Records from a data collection
****

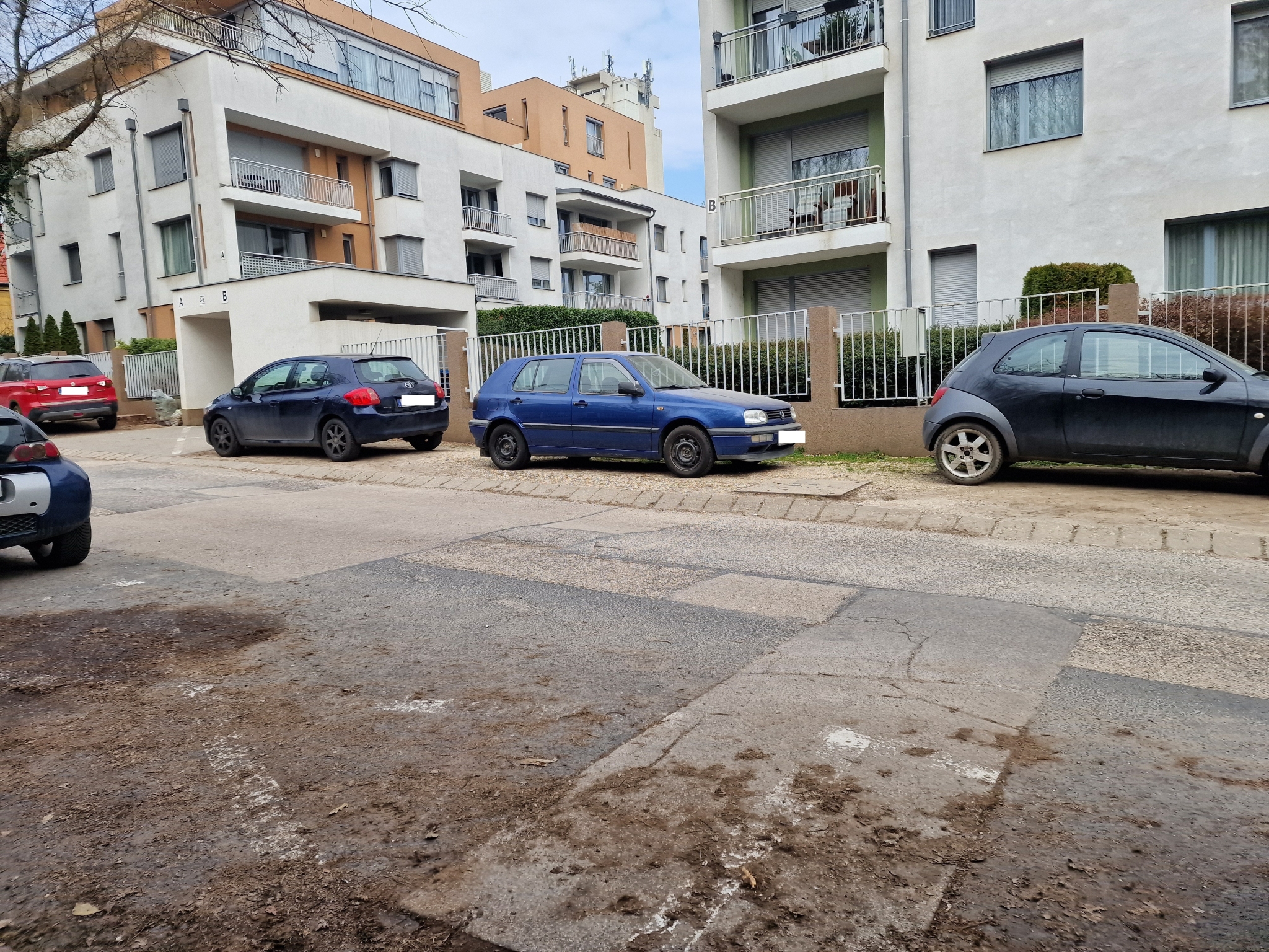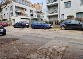 1997-es kék Volkswagen GOLF 1.4 várakozik a Rahó utca 3-5. előtt, 2025.10.06-ig volt érvényes a műszakija.
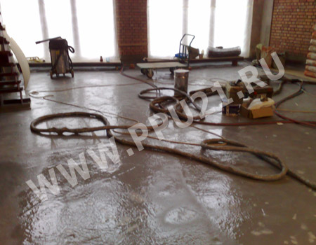 Бетонный пол в квартире до напыления поликарбомидного покрытия (полимочевины), обработан специальным праймером
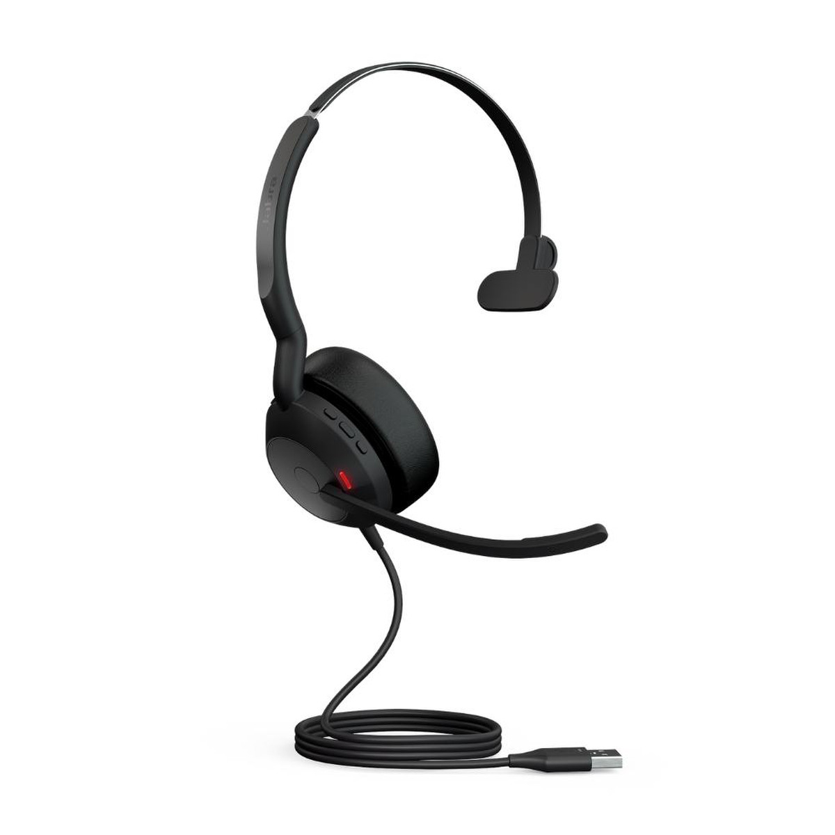 The Jabra Evolve2 50, Corded Headset, USB-A, UC Mono, Black is a corded professional headset with USB-A connectivity that is optimized for Unified Communications and comes with powerful mono Active Noise Cancellation (ANC), noise-cancelling mics, 28mm custom speakers, and game-changing Jabra AirComfort technology to help you stay focused and comfortable.
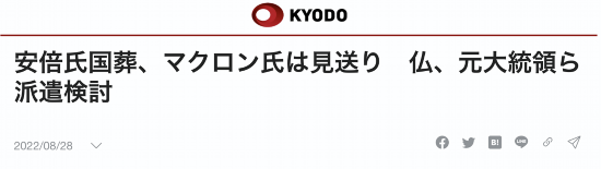 日本共同社28日报道,多名法国政府相关人士透露,法国总统马克龙计划放弃出席日本前首相安倍晋三的“国葬”。
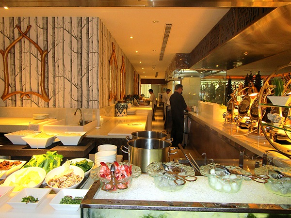 料理はビュッフェスタイル!オープンキッチンでは、シェフがその場で好みに合わせて調

****

**WHAT TO PRODUCE:**
Give again, word for word, each line from the one holding "Бетонный пол в" through the end of the entries, and leave out any picture.

**WRITTEN RESPONSE:**
 Бетонный пол в квартире до напыления поликарбомидного покрытия (полимочевины), обработан специальным праймером
 The Jabra Evolve2 50, Corded Headset, USB-A, UC Mono, Black is a corded professional headset with USB-A connectivity that is optimized for Unified Communications and comes with powerful mono Active Noise Cancellation (ANC), noise-cancelling mics, 28mm custom speakers, and game-changing Jabra AirComfort technology to help you stay focused and comfortable.
 日本共同社28日报道,多名法国政府相关人士透露,法国总统马克龙计划放弃出席日本前首相安倍晋三的“国葬”。
 料理はビュッフェスタイル!オープンキッチンでは、シェフがその場で好みに合わせて調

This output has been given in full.